• SUPPLIED INFORMATION:
[Start of Attachment]

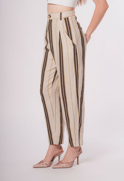 Sabo naturel carrot -cut trousers in striped linen fabric.Made in Turkey.
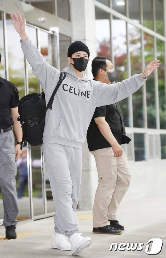 (김포공항=뉴스1) 권현진 기자 = 배우 박보검이 셀린느(CELINE) 남성 여름 2023 패션쇼를 마치고 28일 김포비즈니스항공센터를 통해 프랑스에서 귀국해 환호하는 팬들에게 인사를 하고 있다. 2022.6.28/뉴스1
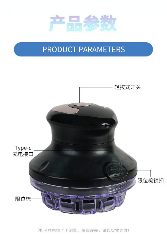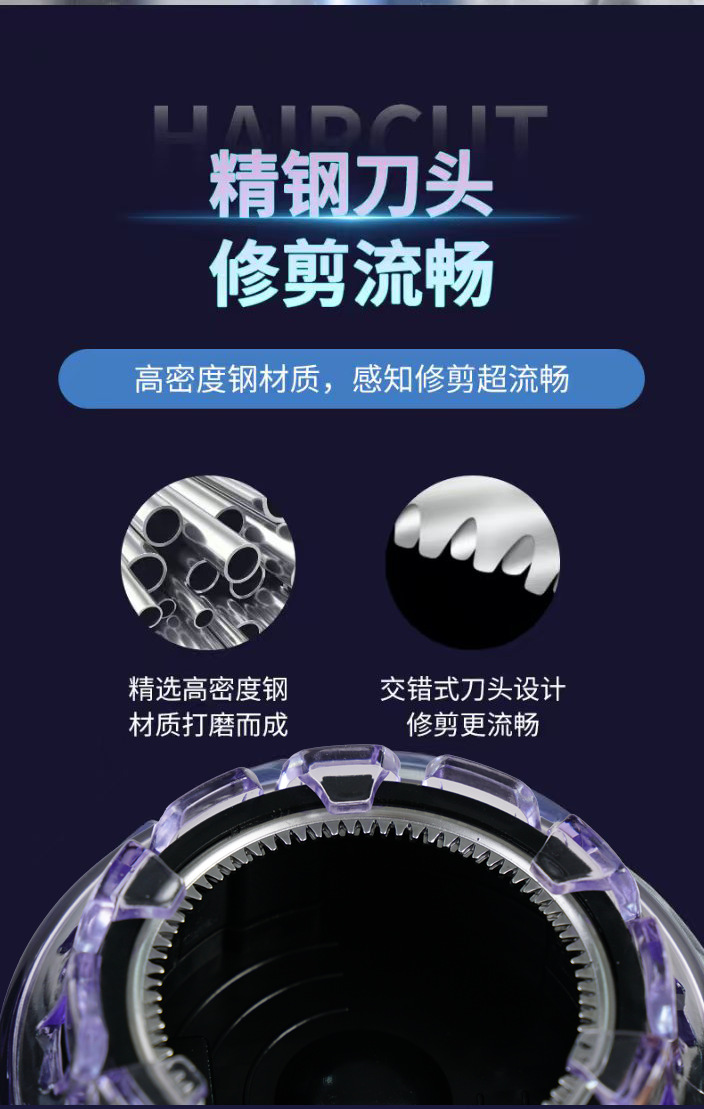 产品配件:彩盒包装+说明书(中英文)+限位梳*2(1号3/6/9.5mm,2号12mm) +USB充电线+润滑油+清洁刷

[End of Attachment]

• WHAT YOU WILL DO:
Print, exactly and only, the lines running from the line with "(김포공항=뉴스1) 권현진 기자" through the last line of the data, including both. Skip any picture.

• EXPECTED ANSWER:
 (김포공항=뉴스1) 권현진 기자 = 배우 박보검이 셀린느(CELINE) 남성 여름 2023 패션쇼를 마치고 28일 김포비즈니스항공센터를 통해 프랑스에서 귀국해 환호하는 팬들에게 인사를 하고 있다. 2022.6.28/뉴스1
 产品配件:彩盒包装+说明书(中英文)+限位梳*2(1号3/6/9.5mm,2号12mm) +USB充电线+润滑油+清洁刷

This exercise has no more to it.